START Data extract

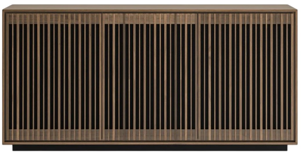 Hardwood slatted doors beautifully conceal contents while providing ventilation, acoustic transparency, and remote control accessibility.
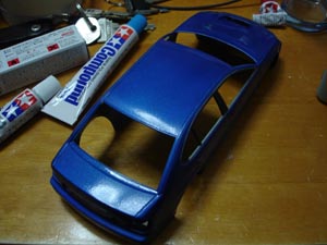 乾燥したら同じくフィニッシャーズのシーサイドブルーにゴールドパールをほぼ同等比で配合。 ベースのブルーはR34のベイサイドブルーやFDのイノセントブルーマイカに似た色です。 |
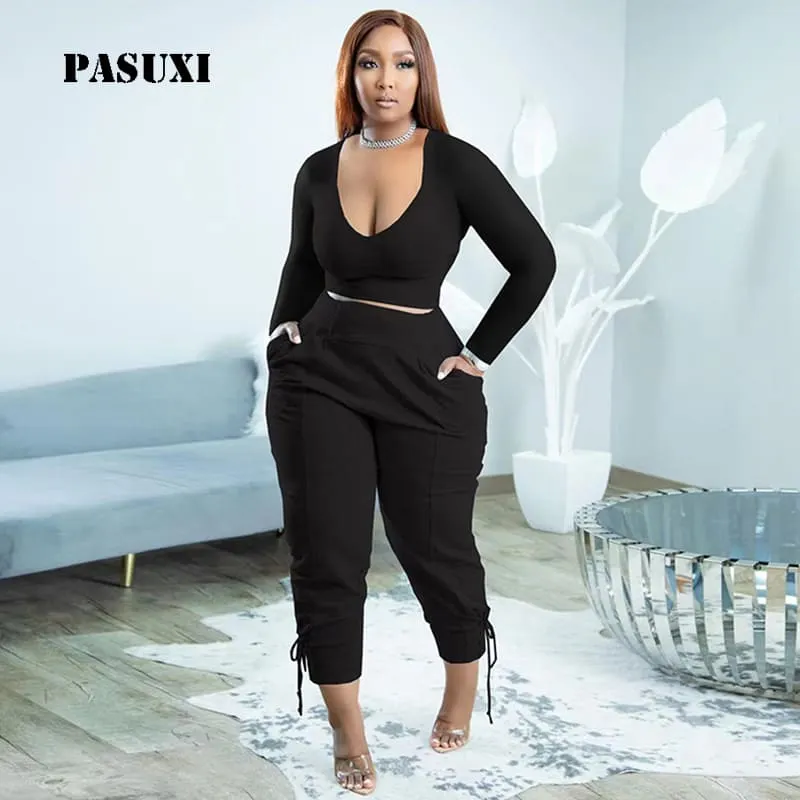 PASUXI Sexy V Neck Solid Color Lace Up Trousers Casual Two Piece Suit for Women Trendy Fashion Set
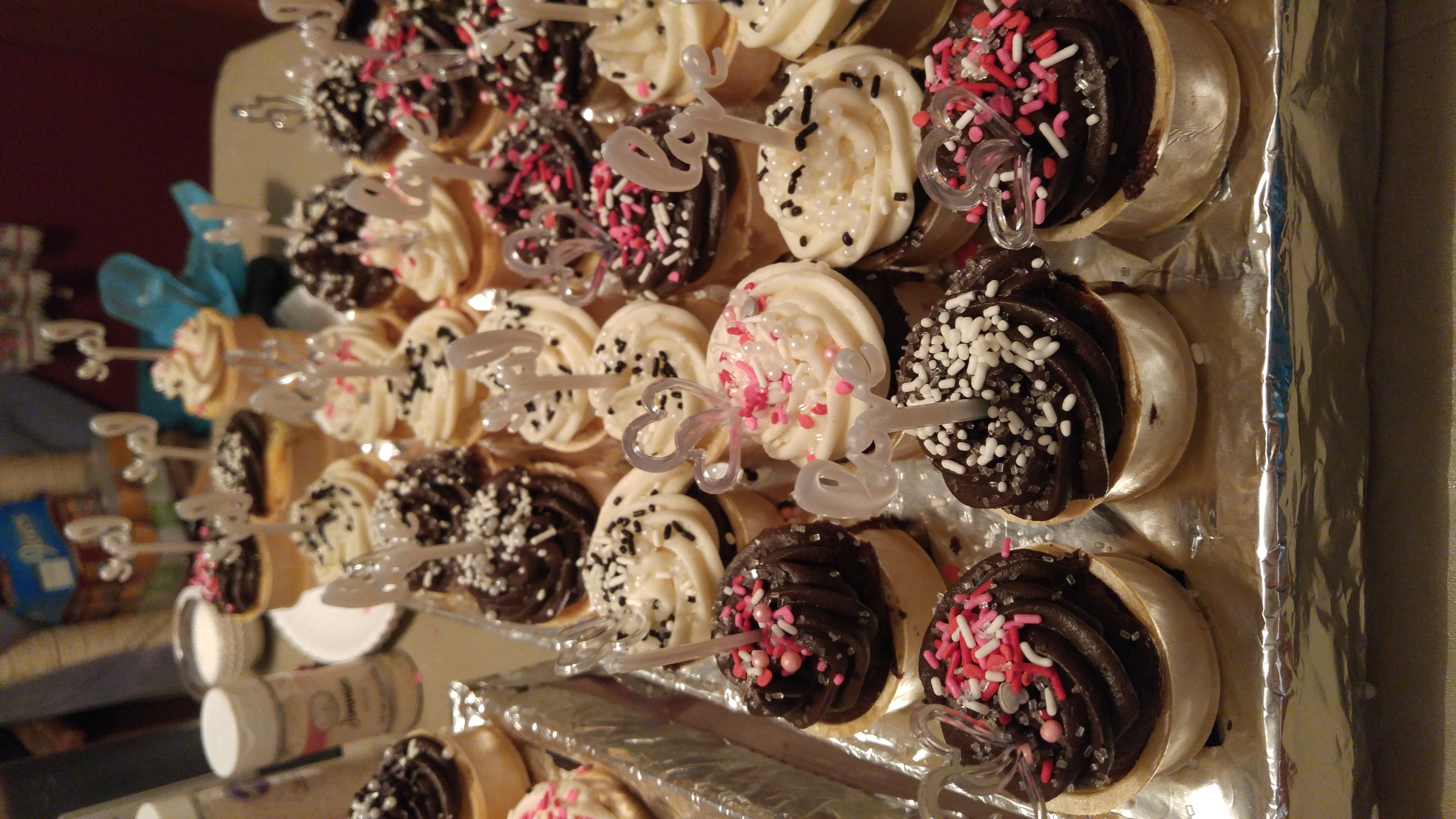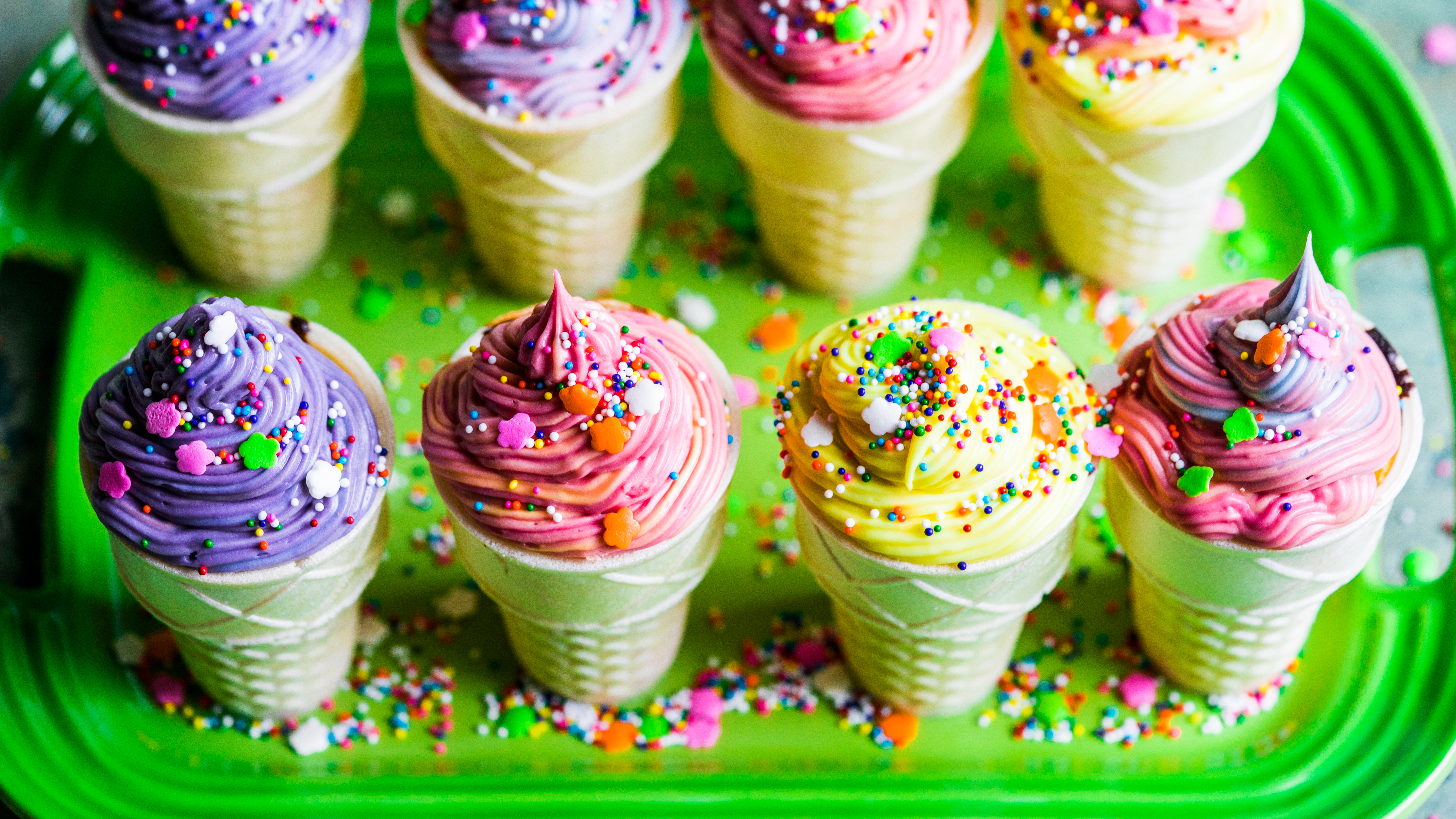 Heat oven to 400F. Prepare batter for cupcakes per instructions on the box. Pour scant 1/4-cup batter into flat-bottomed ice cream cones so they are a little less than half full, or about half full; if you fill the cones too much, the cakes will not have a nice, round top. Place the cones on a baking sheet and bake for 15 to 18 minutes. Cool and frost, then decorate with sprinkles as desired.

END Data extract

Work to be completed :: Reproduce the data above word for word, but leave the images out.

Solved exercise ::
 Hardwood slatted doors beautifully conceal contents while providing ventilation, acoustic transparency, and remote control accessibility.
 乾燥したら同じくフィニッシャーズのシーサイドブルーにゴールドパールをほぼ同等比で配合。 ベースのブルーはR34のベイサイドブルーやFDのイノセントブルーマイカに似た色です。 |
 PASUXI Sexy V Neck Solid Color Lace Up Trousers Casual Two Piece Suit for Women Trendy Fashion Set
 Heat oven to 400F. Prepare batter for cupcakes per instructions on the box. Pour scant 1/4-cup batter into flat-bottomed ice cream cones so they are a little less than half full, or about half full; if you fill the cones too much, the cakes will not have a nice, round top. Place the cones on a baking sheet and bake for 15 to 18 minutes. Cool and frost, then decorate with sprinkles as desired.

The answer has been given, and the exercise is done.